= DATA FOR PROCESSING =
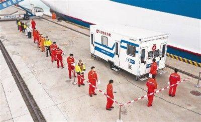 11月1日,在山东省荣成市石岛新港码头,当地海关部门采用新型口岸检疫方舱,对停靠码头需要下船的船员进行体温检测、流行病学调查以及核酸样本采集等工作。李信君摄(人民视觉)
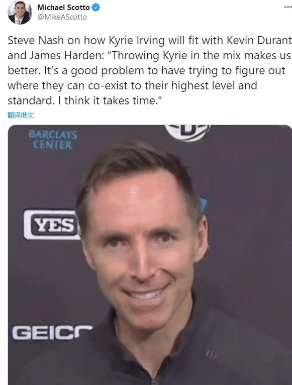 杜兰特和哈登带领篮网赢球,可缺席比赛的欧文扎心了,美球迷疯狂热议交易欧文,实际上篮网不可能交易欧文的;对于篮网三巨头如何才能共存,主教练纳什表示:欧文归队后我们会变得更好。要如何让他们共存并且打出最高水准,这是一个甜蜜的烦恼,我觉得还需要一些时间。
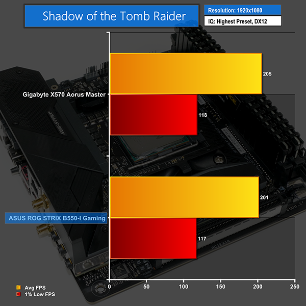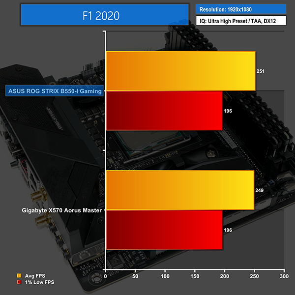 Either way, the gaming performance on ASUS’ B550-I Gaming is solid and shows no cause for concern.
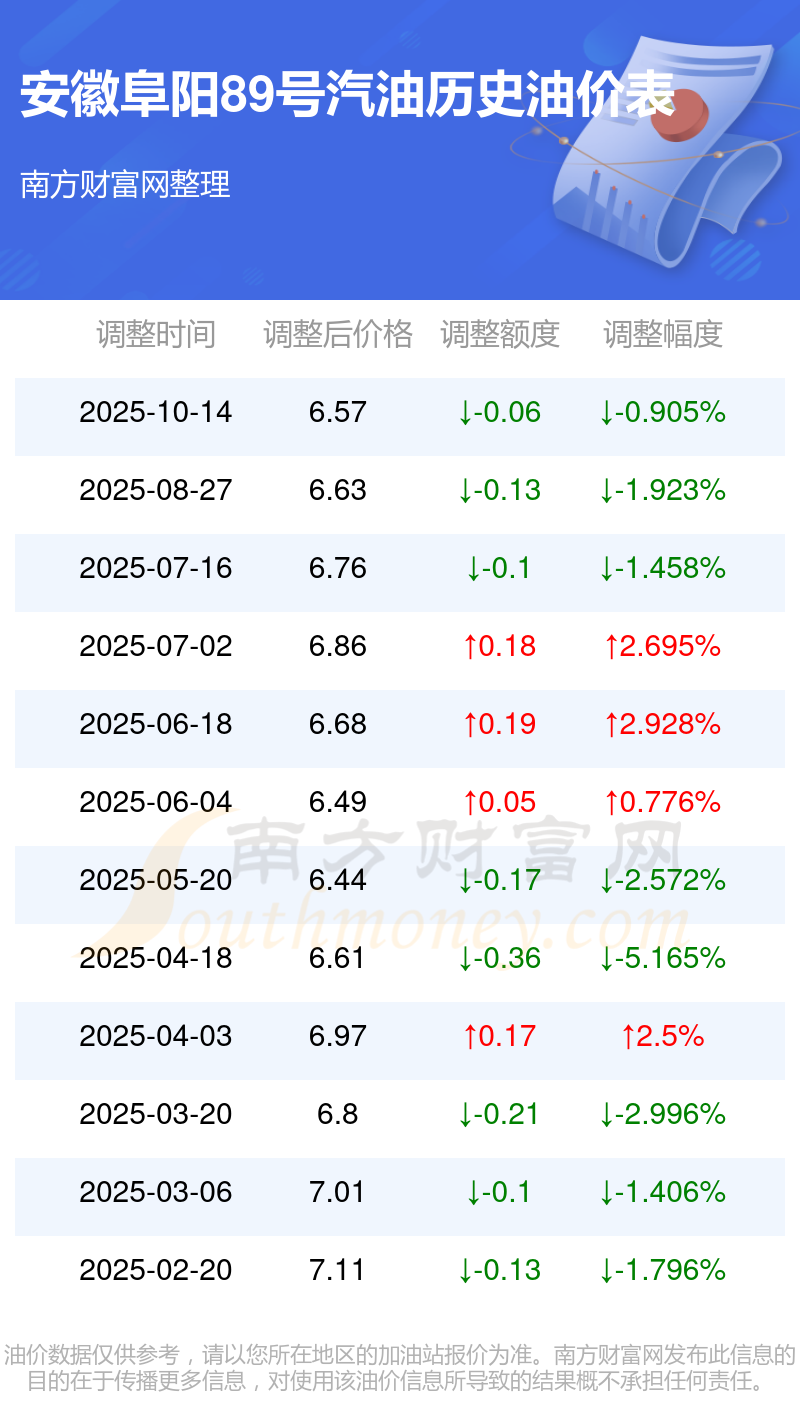 安徽阜阳89号汽油历史油价表
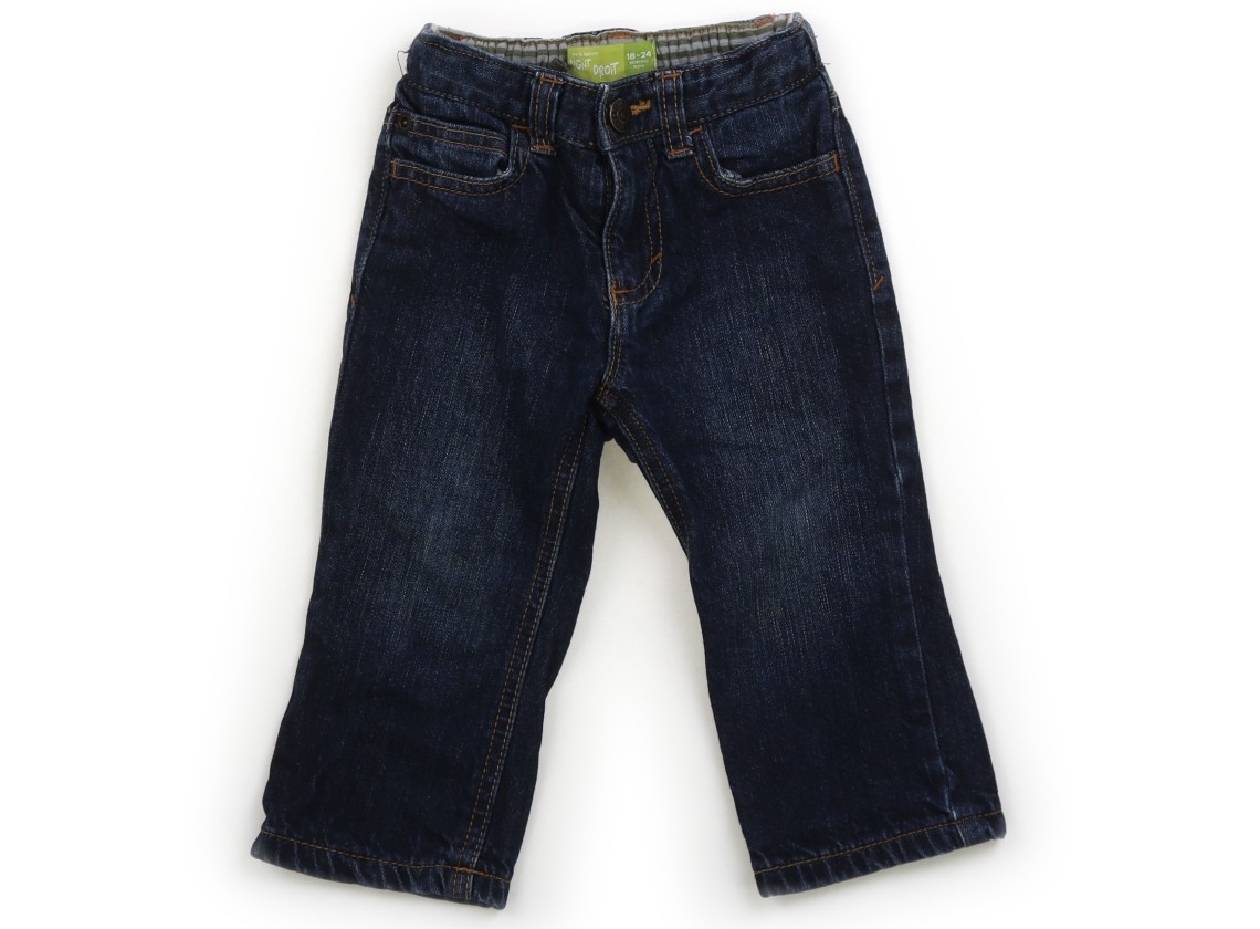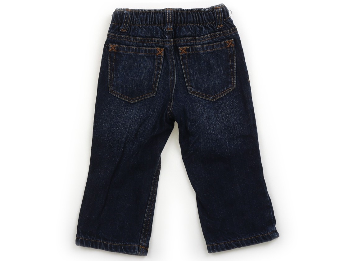 実際のサイズ表記は18-24M。サイズ調整ゴムが付いています。前ファスナー開き。デニム生地特有のユーズド感あり。使用感ありますが、まだお使いいただけそうです。

= WHAT YOU NEED TO DO =
Every line from the one that holds "杜兰特和哈登带领篮网赢球,可" to the end of the listing should be output exactly, with pictures left out, please.

= SOLUTION TO THE EXERCISE =
 杜兰特和哈登带领篮网赢球,可缺席比赛的欧文扎心了,美球迷疯狂热议交易欧文,实际上篮网不可能交易欧文的;对于篮网三巨头如何才能共存,主教练纳什表示:欧文归队后我们会变得更好。要如何让他们共存并且打出最高水准,这是一个甜蜜的烦恼,我觉得还需要一些时间。
 Either way, the gaming performance on ASUS’ B550-I Gaming is solid and shows no cause for concern.
 安徽阜阳89号汽油历史油价表
 実際のサイズ表記は18-24M。サイズ調整ゴムが付いています。前ファスナー開き。デニム生地特有のユーズド感あり。使用感ありますが、まだお使いいただけそうです。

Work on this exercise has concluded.